Net Worth Update – June 2018
Half of 2018 down and it is net worth checkup time again. If you are not familiar with net worth, the idea is to calculate how much your possessions are worth if you had to consolidate everything at current value right now. To calculate it, you take everything you own, work out how much it is worth, and add it up. You then subtract from that number anything you owe people (like home loan, car loan etc). That gives you a final number called your net worth.
The last 6 months were not quite as good as I had hoped, but still better than nothing.
Now on to the details…
Net Worth – June 2018 – $1.48m
The total of $1.48m is up only $52,000 from the end of 2017. This ends a streak of 3 months of over $70k.

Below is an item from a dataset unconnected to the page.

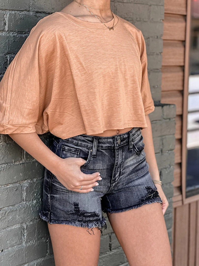 - Pair with distressed denim, leggings, sandals, or sneakers

Part of that is due to some expenses, part due to the second half of the calendar year typically being better, and part due to our shares not performing as well as I would have liked or hoped. It will definitely make hitting the goal of $150k net worth increase a much harder task, if not impossible. Still, we will see how it plays out over the next 6 months.
On to the graphs…
First up we have the asset distribution graph:
Still not quite at the 40% level for property, but everything else is on track. Given this is an asset percentage, it is interesting to see that super is growing the fastest! That is good news for the future, but as many people have pointed out, does little to help with the now.
Once again, my moving target is currently:
- 10-20% cash
- 30-50% shares (including both super and actual shares/bonds)
- 30-40% property (this will probably vary quickly as even a deposit is normally a large amount)
- 10% X-Factor investments (this area is currently not currently tracked individually , but is around 3% mixed with shares)
Net Worth Totals
The second graph is the one with the actual numbers and net worth (the black line). Don’t get too hung up over the details, as everything is rounded – we are thinking big picture here.
It was slightly sad to see the black line not growing as fast (or faster) than previous halves. Part of that will be due to the renovations we did without increasing the house value.
I know that there can be and will be volatility in share markets and other pricing, but I think the trending linear line really highlights the fact that a large portion of our net worth comes from savings (which stay more fixed over time) rather than compounding investments/interest (which has a more exponential growth path). Hopefully that will change over time.
UPDATE: due to a problem posting this has sat as a draft for a long time – sorry about that!